In 1985, Shirley chatted to Curly Watts (Kevin Kennedy) at a dance at the Community Centre and let him walk her home afterwards. Curly was shy about asking her out but they hit it off and Curly later chatted her up at Kevin (Michael Le Vell) and Sally Webster's (Sally Dynevor) flatwarming party in August 1987. They started seeing each other on a casual basis after that. By 1986, Shirley was getting sick of living in such a crowded home and decided to ask Alf Roberts (Bryan Mosley) if she could rent the shop flat as the Websters had moved into No.13. Alf asked for a reference but in the time it took her to get one from Emily Bishop (Eileen Derbyshire), Curly also made enquiries about the flat and Alf agreed he could move in. When Shirley and Curly compared notes, they were puzzled as Curly hadn't been asked for a reference. Thinking Alf racist, Curly decided to refuse the flat but Shirley suggested they move in together. Curly agreed and Alf backed down when Emily threatened to tell people about his racism. The unexpected move marked a big change in Shirley's and Curly's lives, as well as their relationship, with Shirley becoming the first woman Curly had ever slept with. Their next obstacle was winning over each other's families, no easy task as despite the race issue, Shirley's parents disapproved of her living in sin. Eventually, Mrs Armitage was convinced that Curly loved Shirley but his parents never accepted Shirley. Mrs Armitage was accepting enough to let Shirley's younger sister, Lucy, stay with the couple for a few weeks in August.

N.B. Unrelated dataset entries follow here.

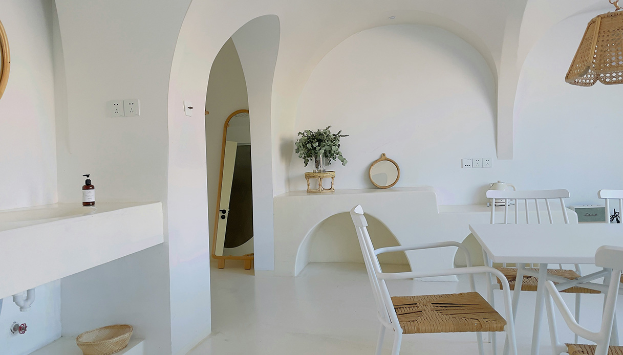 I colori sono il respiro vitale di ogni ambiente, capaci di trasformare uno spazio e di influenzarne profondamente l’atmosfera. Il bianco puro delle pareti, fresco e luminoso, riflette con dolcezza la luce naturale che filtra dalle finestre, amplificando la sensazione di apertura, spazio e serenità. Accenti delicati di sabbia, azzurro tenue come le acque calme di una baia mediterranea e verde salvia, che richiama le foglie degli ulivi mossi dalla brezza, si intrecciano armoniosamente per riportare alla mente orizzonti marini infiniti e cieli estivi limpidi e tranquilli. Questa palette morbida e raffinata avvolge la casa in una quiete rarefatta, creando un’atmosfera sospesa e intima, un vero e proprio invito a rallentare i ritmi frenetici della vita urbana e a godere appieno di ogni prezioso attimo.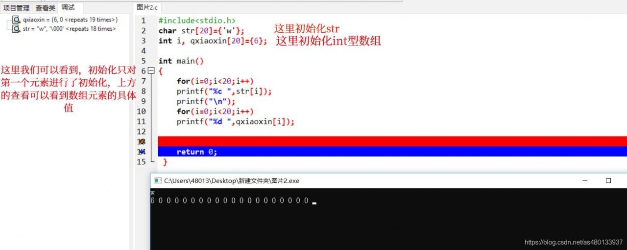 请注意,在我们进行数组初始化的时候如果定义的数组过长,而我们只初始化了一部分数据,对于未初始化的数据如果是数值型,则会自动赋值为0,对于字符型,会自动赋初值为NULL,即‘\0’ 即不足的元素补以默认值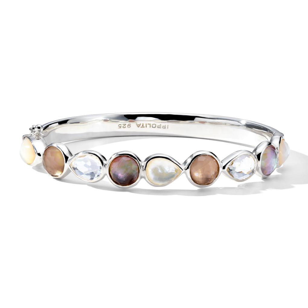 Brown shell, black shell and mother-of-pearl comprise the array of sliced stones that partially encircle this highly polished bangle bracelet. The precious elements are enclosed within cast 925 silver, which is a brightened high-shine version of the metal, and presented in an artful arrangement of shapes.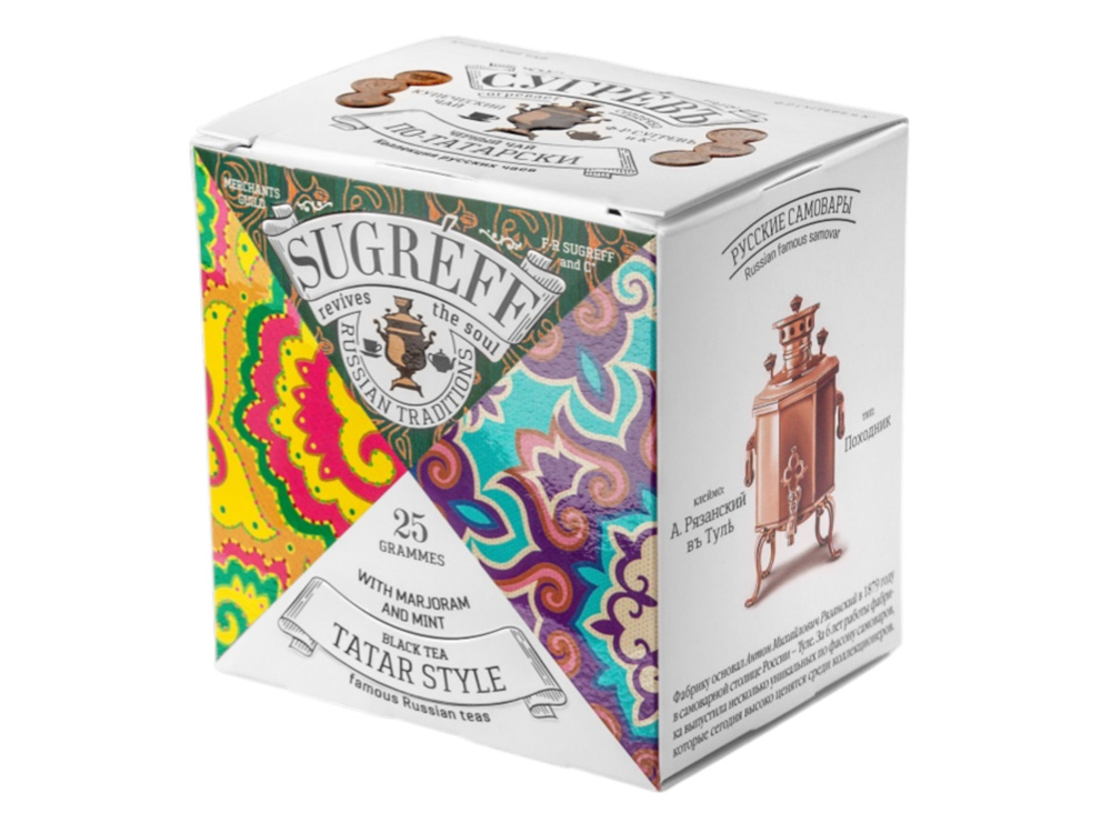 Чай ПО-ТАТАРСКИ сделан на основе купажа отборного цейлонского чая Pekoe c добавлением натуральных популярных трав Татарстана. Брусничный лист придаёт напитку лёгкую терпкость, а мята с душицей добавляют аромат и свежесть. При желании в этот чай можно добавить молоко, чтобы приблизиться к традициям татарского чаепития.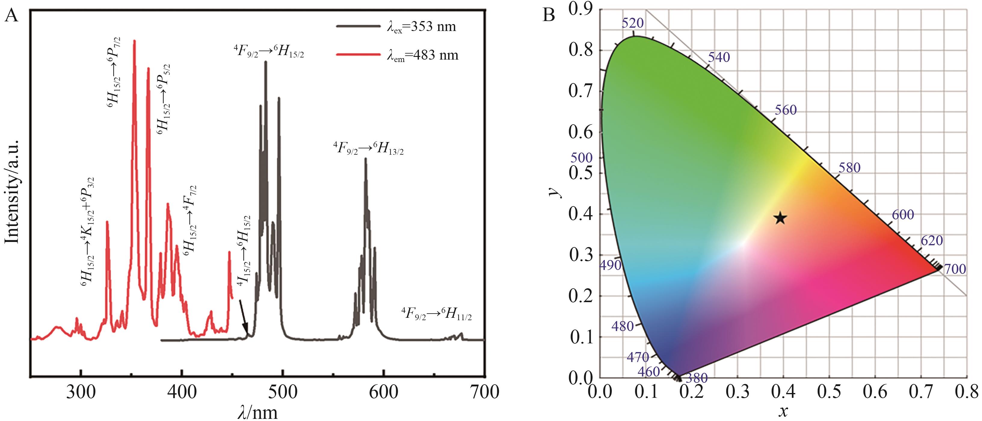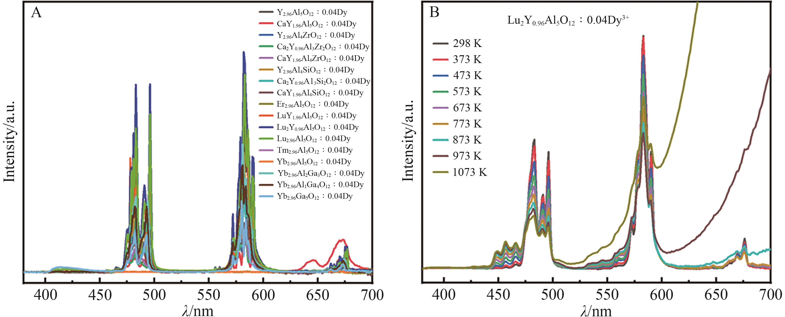 Fig.8 (A) PL spectra of YAG∶Dy3+ phosphors after matrix modification; (B) Temperature-dependent luminescence curves of Lu2Y0.96Al5O12∶0.04Dy3+ phosphors in the temperature range of 298~1073 K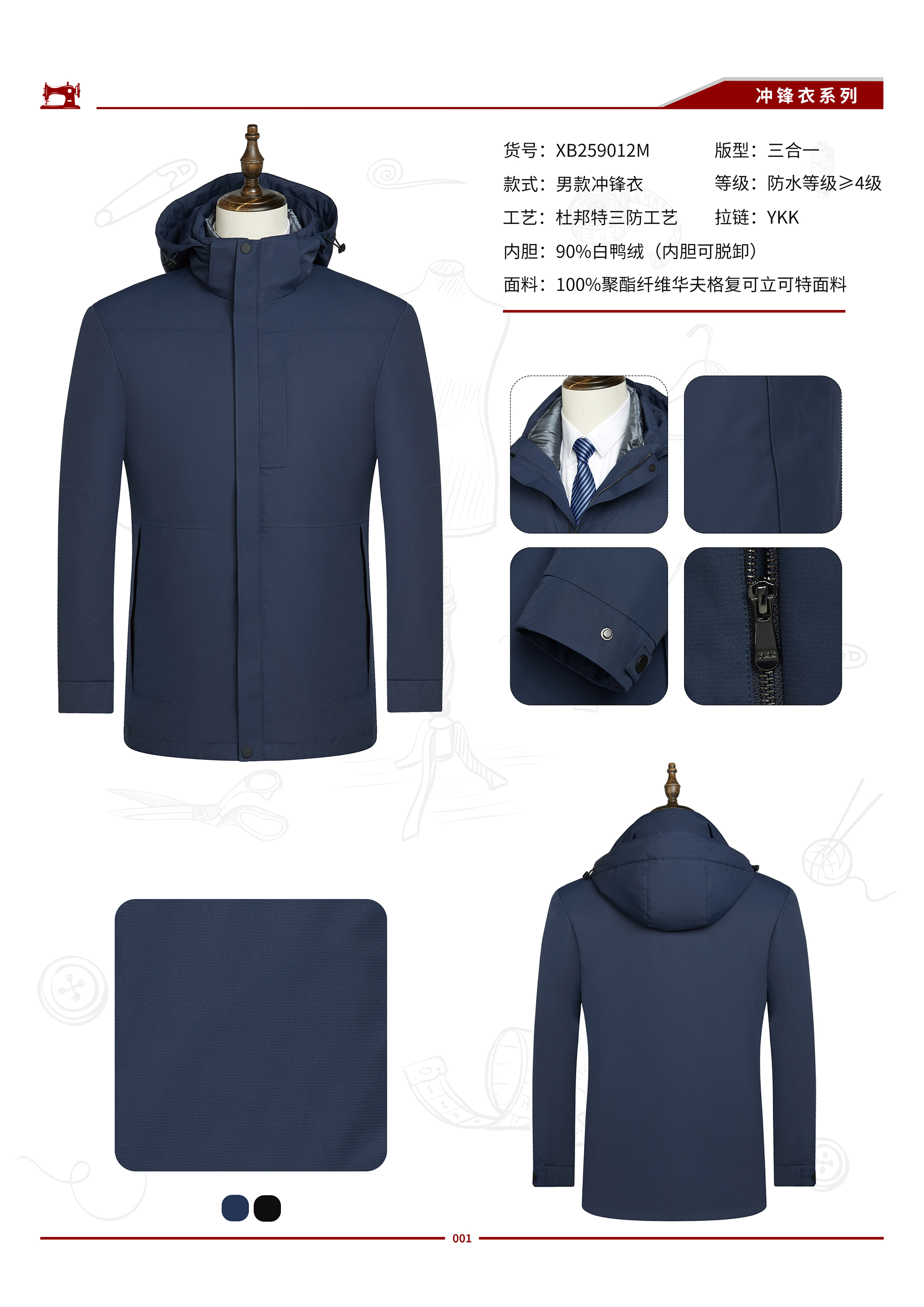 XB259012M 男士90%鹅绒冲锋衣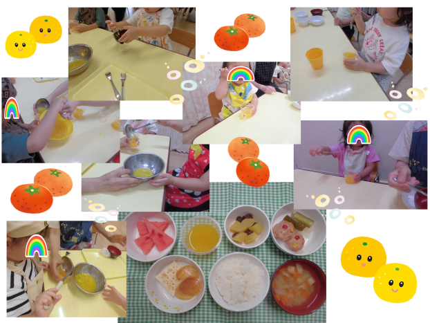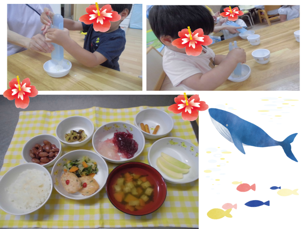 今日は6月生まれのお友達のお誕生日会だったので、給食室もお誕生日会メニューでお祝いしました♪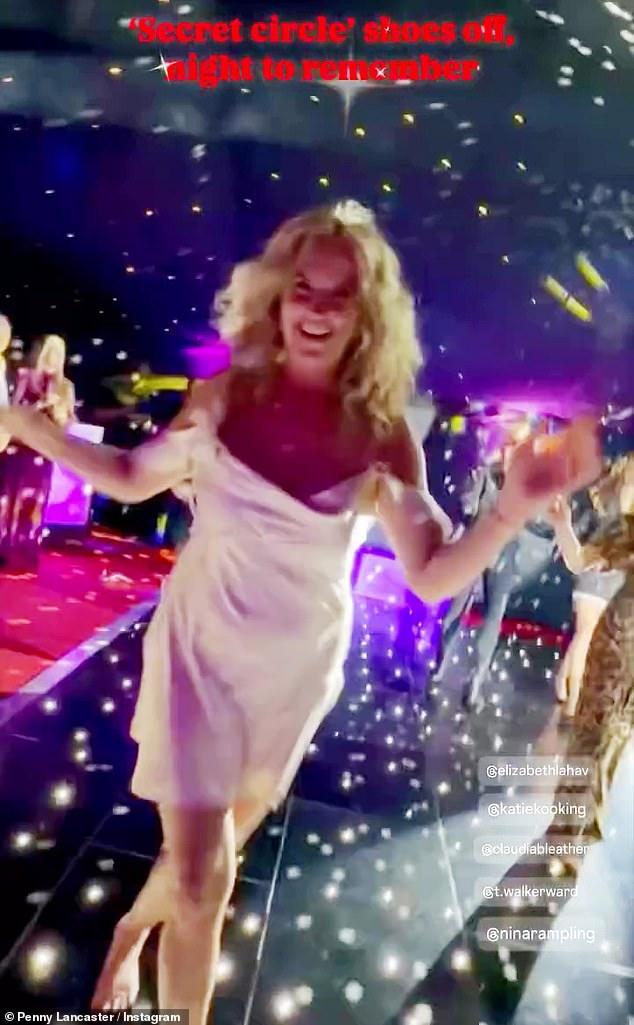 Penny Lancaster kicked off her shoes and showed off her dance moves as she got her groove on during a ‘night to remember’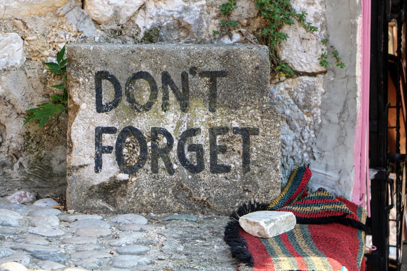 Les stigmates de la guerre de Bosnie sont encore très visibles. De nombreux panneaux « don’t forget » apparaissent ici et là, certains magasins vendent des articles de militaria ou des sculptures réalisées en obus ou en douilles…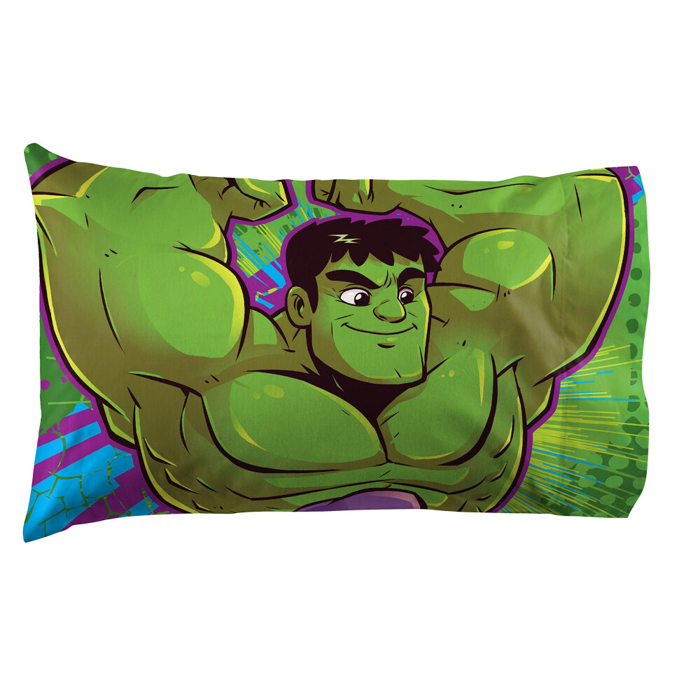 Jay Franco Marvel Super Hero Adventures Hulk Out 1 Pack Pillowcase - Double-Sided Kids Super Soft Bedding Official Marvel Product

Later that year, Curly enrolled in a business studies course at college. Shirley wasn't convinced it would be a good move as that would make Shirley the sole earner while he studied but she admired his ability and caused a stir at work by showing them Curly's essay on Mike making the machinists work in terrible Victorian conditions. Mike insisted Curly give it to him, threatening to sack Shirley otherwise. Curly's new career was to split the couple up. In April 1989, Shirley threw a surprise party to celebrate their first anniversary but Curly promptly threw everyone out as he had an important exam the next day. Shirley realised that Curly was too serious for her and decided to move back in with her parents. Desperate to stop Shirley leaving, Curly broke down and proposed marriage, promising to change, but Shirley knew that the relationship had run its course and left.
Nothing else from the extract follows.